Are You There, Metadata? It’s Me, the Bibliometrician

In a recent conversation with Dr. Isabella Peters, she mentioned:

“From article citation analysis, we know that citation and publication behavior is strongly discipline-dependent. The disciplines dictate where to publish, what to publish, what is okay to be cited, how long it takes to get published (and along with how long it takes to receive citations). Depending on the discipline, you get very different information of what is ‘normal’ (or what you can expect from the numbers).”

– Dr. Isabella Peters. Professor of Web Science.

Can we make the same statements about data citation and data publication behavior? And If so, what are data citation patterns in each discipline?. These questions are at the center of the ‘Meaningful Data Counts’ project that Dr. Stefanie Haustein and Dr. Isabella Peters lead. The project aims to provide empirical evidence on data usage and data citation behavior and improve the understanding of the role datasets play in scholarly communication. It will conduct empirical research using a mixed-methods approach combining survey research and semi-structured interviews to explain underlying motivations and behaviors with bibliometric analysis to discover data sharing and citation patterns.

For the bibliometrics analysis, the investigators are using the DataCite Metadata Corpus to search for these answers. The corpus is composed of all metadata deposits made by Datacite Members and their repositories. Unfortunately, not all DOI metadata deposits include disciplinary information, and even when it is present, it is not in a standardized fashion that would make it useful for Bibliometricians. According to a recent analysis, only around 6% of DOI metadata includes disciplinary information in a standard manner. The metadata completeness and shortage of conformance to a standard are a challenge to the Bibliometric analysis.

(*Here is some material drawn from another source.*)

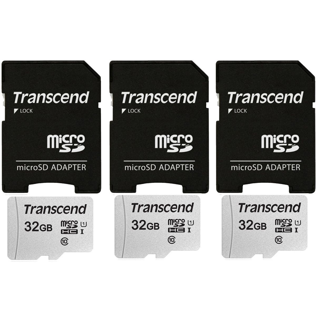 Three Transcend 32GB MicroSD 300s 100MB/s Class 10 Micro SDHC Memory Card with SD Adapter
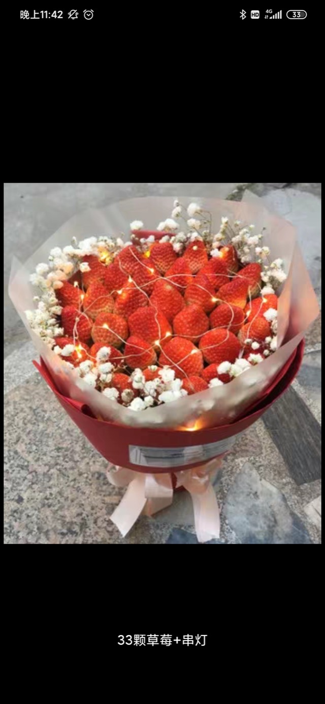 夜上海论坛33颗草莓白色满天星,LED灯,里层白色雾面纸,外层酒红包装纸,浅粉色丝带或者米色 |

Distribution of standarised Datacite DOI metadata by Field of Science. Only a small percentage of the DOIs have metadata with standardized disciplinary information

How can repositories help?

Although DOI metadata does not have a standard vocabulary for the resource discipline, we can all help by using the same vocabulary recommendation. DataCite metadata has a very flexible Subject property, with sub-properties SubjectScheme, SchemeURI, and ValueURI that can allow the inclusion of any disciplinary vocabulary. There are many discipline classification schemes, but the most widely used generic classification scheme is the OECD Fields of Science classification with six top-level categories and 42 subcategories. As described in a July blog post [@], we are mapping, where possible, the controlled vocabularies for fields of science: OECD and we are re-indexing all our metadata to align with this standard vocabulary. And we encourage our members and their repositories to use this standard vocabulary when registering content with the DataCite APIs. Here are two examples of how to use it:

    <subject schemeURI="" subjectScheme="Fields of Science and Technology (FOS)">FOS: Economics and business</subject>


  subjects: [
      "subject": "FOS: Economics and business",
      "schemeUri": "",
      "subjectScheme": "Fields of Science and Technology (FOS)"

We are also supporting the Australian and New Zealand Standard Research Classification (ANZSRC) Fields of Research. Therefore if you use ANZSRC Fields of Research in DataCite metadata, we automatically map the metadata to the OECD Fields of Science category or subcategory.

Furthermore, we have implemented the OECD Fields of Science classification in the DOI form in Fabrica, and when you select a field of science using the form, you can be sure your metadata would be in standardized values.

DOI form with a selection of subject using the OECD Classification

If you lead a single discipline repository (e.g., AUSSDA, CCDC, etc.), you can significantly help by adopting the same classification to tag all their resources. In many cases, each category in the OECD Fields of Science classification is general enough to encapsulate all the resources in a single discipline repository. At first, classifying all your DOIs with the same category might not seem useful, but the aggregated effect can greatly help bibliometrics studies.

Both the vocabulary mapping and the DOI Form are available for all resource types (e.g., Text, Software, etc.); hence you can help classify DOIs for many resources, not only datasets.

Repositories learning from other repositories

A few repositories have already started to use a standardized disciplinary vocabulary. For example, Figshare uses the ANZSRC Fields of Research scheme, and DRYAD uses the OECD Fields of Science classification. Dryad’s Product Manager, Daniella Lowenberg, led the latter effort and recounts:

“While Dryad collected metadata that could help researchers understand what field the study was in (e.g., keywords, related journal, etc) Dryad had not previously collected any formal disciplinary classification. Implementation of OECD Fields of Science was a seamless feature add, and we look forward to classifying the entire Dryad corpus against these 42 Fields of Science. It’s essential that we do this to enhance the metadata that we contribute, to allow for larger bibliometric studies and discovery of our datasets”

– Dr. Daniela Lowenberg. Dryad’s Product Manager.

Dryad Metadata deposit page with discipline selection using the OECD classification.

Metadata completeness and conformance will continue to be a problem for Bibliometric studies. Nevertheless, DataCite and repositories can help by communicating and coordinating everybody’s efforts towards a more conformant and complete metadata corpus that can help the Bibliometrics community advance the understanding of citation and publishing behavior.